### Brief
Write out the data exactly as given, dropping every picture.

### Collected data

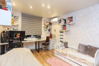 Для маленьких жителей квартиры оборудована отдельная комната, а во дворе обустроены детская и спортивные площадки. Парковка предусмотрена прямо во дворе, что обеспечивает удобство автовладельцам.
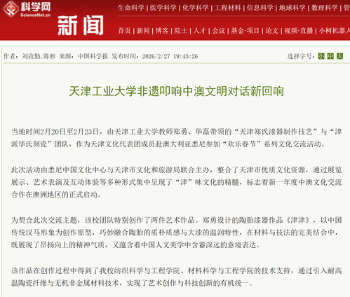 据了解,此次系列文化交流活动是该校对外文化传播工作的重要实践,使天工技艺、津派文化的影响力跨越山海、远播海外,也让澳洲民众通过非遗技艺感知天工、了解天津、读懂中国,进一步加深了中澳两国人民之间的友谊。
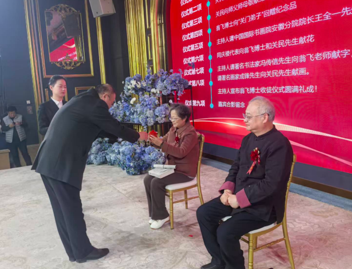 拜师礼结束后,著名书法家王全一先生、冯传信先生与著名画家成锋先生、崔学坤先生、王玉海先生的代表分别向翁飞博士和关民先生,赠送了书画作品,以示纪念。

### Answer to the exercise
 Для маленьких жителей квартиры оборудована отдельная комната, а во дворе обустроены детская и спортивные площадки. Парковка предусмотрена прямо во дворе, что обеспечивает удобство автовладельцам.
 据了解,此次系列文化交流活动是该校对外文化传播工作的重要实践,使天工技艺、津派文化的影响力跨越山海、远播海外,也让澳洲民众通过非遗技艺感知天工、了解天津、读懂中国,进一步加深了中澳两国人民之间的友谊。
 拜师礼结束后,著名书法家王全一先生、冯传信先生与著名画家成锋先生、崔学坤先生、王玉海先生的代表分别向翁飞博士和关民先生,赠送了书画作品,以示纪念。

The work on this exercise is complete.